'Four more years, then Gore' Heir apparent: Vice president, with Clinton's blessing, aiming for year 2000.


FORMER SEN. ALBERT GORE Sr. of Tennessee keeps one wall of his home blank in hope it will one day be covered with pictures of the presidency of his son, former Sen. Albert Gore Jr. of Tennessee. But for now, the younger Gore is content to be the most influential vice president in history while his destiny year of 2000 approaches.

For the mercurial Bill Clinton, Al Gore has been a hard-granite friend, a steadying influence in an administration given to wild swings of policy and popularity. Squeaky-clean in a White House rocked by scandal, the latest being the Dick Morris episode, he was tapped by the president to give not one but two speeches to the Democratic National Convention.

Mr. Clinton's videotaped introduction of his "incomparable" running mate was as close to an endorsement-in-waiting as any ambitious politician could want. While delegates chanted "Four more years, then Gore," dreams of a 16-year Democratic dynasty were palpable.
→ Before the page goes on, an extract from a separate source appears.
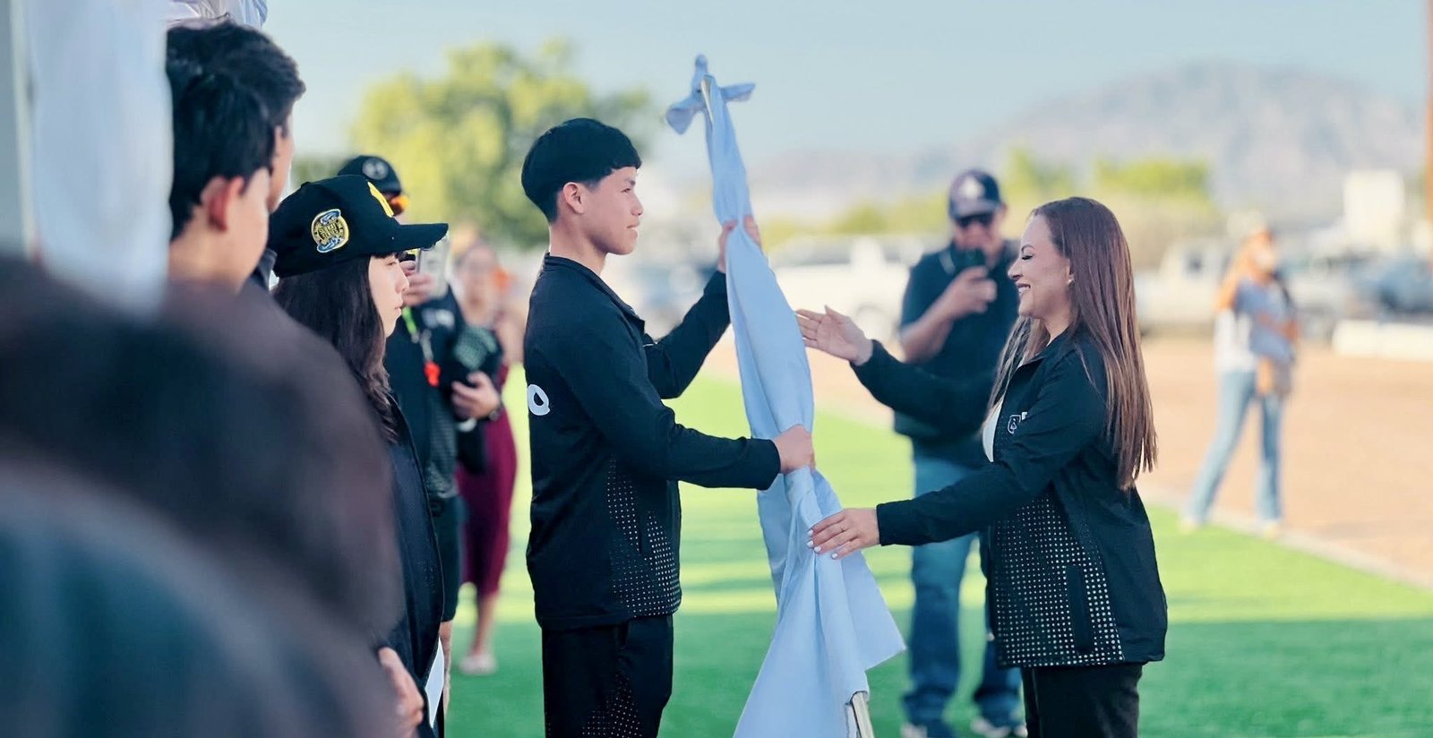 Reunidos los 322 deportistas de las 17 disciplinas que participarán en dicha justa deportiva, así como padres de familia y funcionarios del Ayuntamiento, Paz Ochoa hizo entrega de la bandera con el escudo oficial municipal a Oscar Isaac Zárate Romero, orgullosa de contar con los mejores representantes del deporte loretano.

But first there is an election to be won. And then comes the hard task of succession. George Bush pulled it off. But Richard Nixon was defeated after eight years of the Eisenhower presidency. Hubert Humphrey failed to succeed Lyndon Johnson. A four-year hiatus after Jimmy Carter did not save Walter Mondale.

Vice President Gore, a disciplined man, says he will not discuss his future until the time is ripe. He knows he faces rivals from within Democratic ranks, including former Speaker Dick Gephardt and Sen. Chris Dodd of Connecticut, both liberals who resent the party's move to the right under "New Democrat" Clinton-Gore leadership. Both lawmakers oppose the new welfare reform bill, an issue Mr. Gore carefully ignored in his convention speech.

In response to Mr. Gore's attacks on Republicans, GOP nominee Bob Dole snapped that "apparently, he's the hatchet man for the Democrats." If so, that is a running mate's traditional role, well filled by Mr. Dole when he was on President Gerald Ford's 1976 ticket.

Mr. Gore's larger worry should be the contradiction between his anti-smoking pitch and his past record of support for, and money from, the tobacco industry. The next four years will require the ultimate in aplomb and agility. Groomed from birth for the White House, he will be aiming to fill that wall in his dad's home.